Friday, October 11, 2013

Altima Interlude

Today we take an unscheduled break from the Eagle saga to talk about a different project, that was never properly recorded. A less extensive one, but in some ways a more significant one, even so.

Around Christmas time in 1999, I was in the market for my first car. It started, as it always did back then, with the obtaining of a paper-and-ink copy (right?) of Auto Trader magazine, and ended in the driveway of a house in Temecula, CA. There was a dude named Ruben, he wrote us a bogus bill of sale to skirt a few Golden State tax laws, the money changed hands, and so did … the Altima.

Fast-forward almost 11 years, and the Altima had seen it all. Endless commutes to and from high school, college, and everywhere in between. Serving as not only my first car, but that of all my siblings, the Altima was put through its paces and then some. It had stayed in California while I went to Arizona, but fate brought us back together in August of 2010.

After years of abuse, alternating weather extremes, minor collisions, and the relentless march of mileage, the Altima had one foot in the grave, but still managed to reluctantly cough to life when you turned the key. Three years later, and thanks to many man-hours and numerous replacement parts, the Altima has a new lease on life. This new life, though, is likely to be shorter than the first. A few days ago, the odometer clicked over to 179,000 miles, and though the car runs far better than it did at 160K, the big two-hundred is not far off.

The Altima is on the cusp of its twilight years. It’s not hard to see why. A few examples… It’s burning a quart of oil every 1,000 miles; its junkyard bumper is held on with zip ties, right next to its bent-up junkyard fender and junkyard headlight; there are mysterious rattles and vibrations that come and go, and will probably never be fixed. It turns 19 next month, and has already led a long, hard life. Like many fellow retirees, it will probably never leave the Valley of the Sun again, even in death… which I don’t think will happen soon (at least not before the Eagle can take its place), but I’ll be here to report it when it does. 
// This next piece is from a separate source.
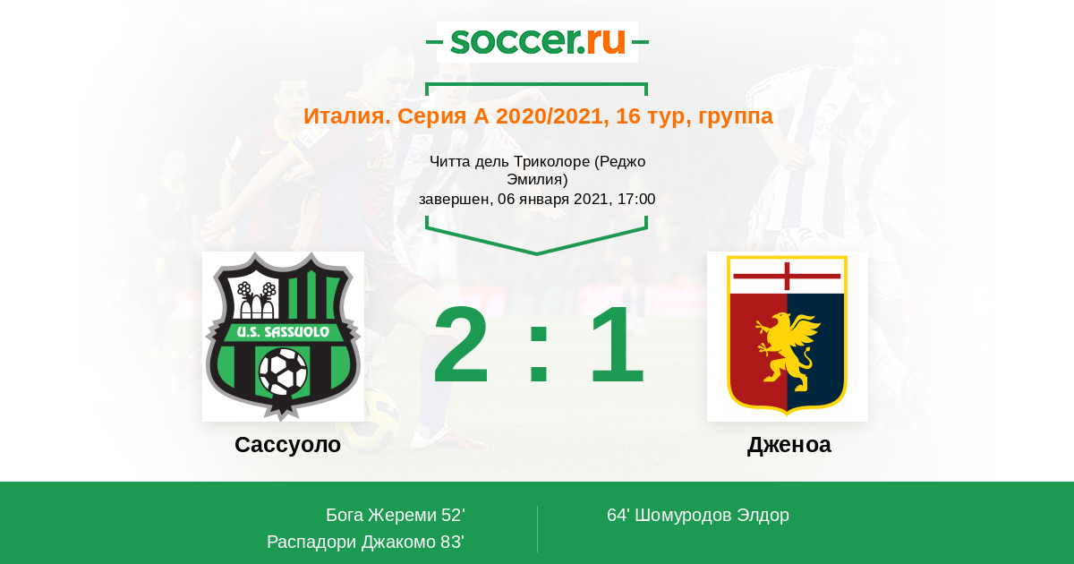 52' (1:0) Бога Жереми (7) (Локателли Мануэль (73))
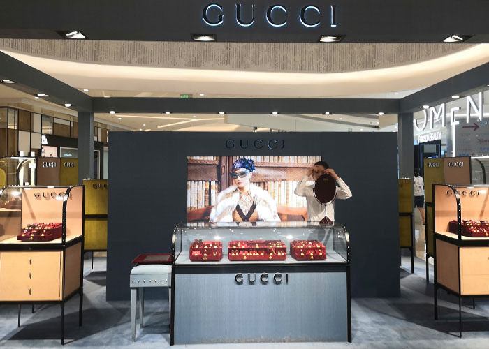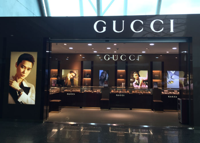 GUCCI品牌時(shí)裝一向以高檔、豪華、性感而聞名于世,以“身份與財(cái)富之象征”品牌形象成為富有上流社會(huì)的消費(fèi)寵兒,一向被商界人士垂青,時(shí)尚又不失高雅。古馳現(xiàn)在是意大利時(shí)裝集團(tuán)。古馳--永恒而經(jīng)典并深受明星們的青睞,品牌靈感源自演員,公主和名媛等杰出女性。如今其創(chuàng)作總監(jiān):弗里達(dá)·賈娜妮(Frida Giannini),將這一歷史悠久的品牌推向了全新的高度。其產(chǎn)品包括:經(jīng)典鞋履,奢華手袋,珠寶手表等。下面就跟著我們四川零貳捌成都店面門(mén)頭招牌設(shè)計(jì)公司一起來(lái)欣賞全球奢侈品品牌之一古馳的店面門(mén)頭招牌設(shè)計(jì):

There is some reason to think that it may have been trying to leave this world for some time. There was the time last year when it started voiding its coolant all over the road via a bad water pump bearing, in the middle of the summer. Then several months later, a front tire developed a high spot which over a short time caused some of the suspension and steering components to be shaken to pieces. In the last six weeks, there have been two minor collisions. One was from an ill-advised left turn, and the second from another driver inexplicably backing up into the rear end in a nearly-empty parking lot.

I say “inexplicably” but I think we all know what’s going on. It’s tired of life, and it’s trying to end it. Even my young son can see the writing on the wall; "Dad, I think this car is giving up on you," he said yesterday. Sometimes it draws other cars into its feeble suicide plots, but nothing seems to work. But I try to look at it this way: if you don’t feel you’re succeeding at life, failing at dying is the next best thing, right?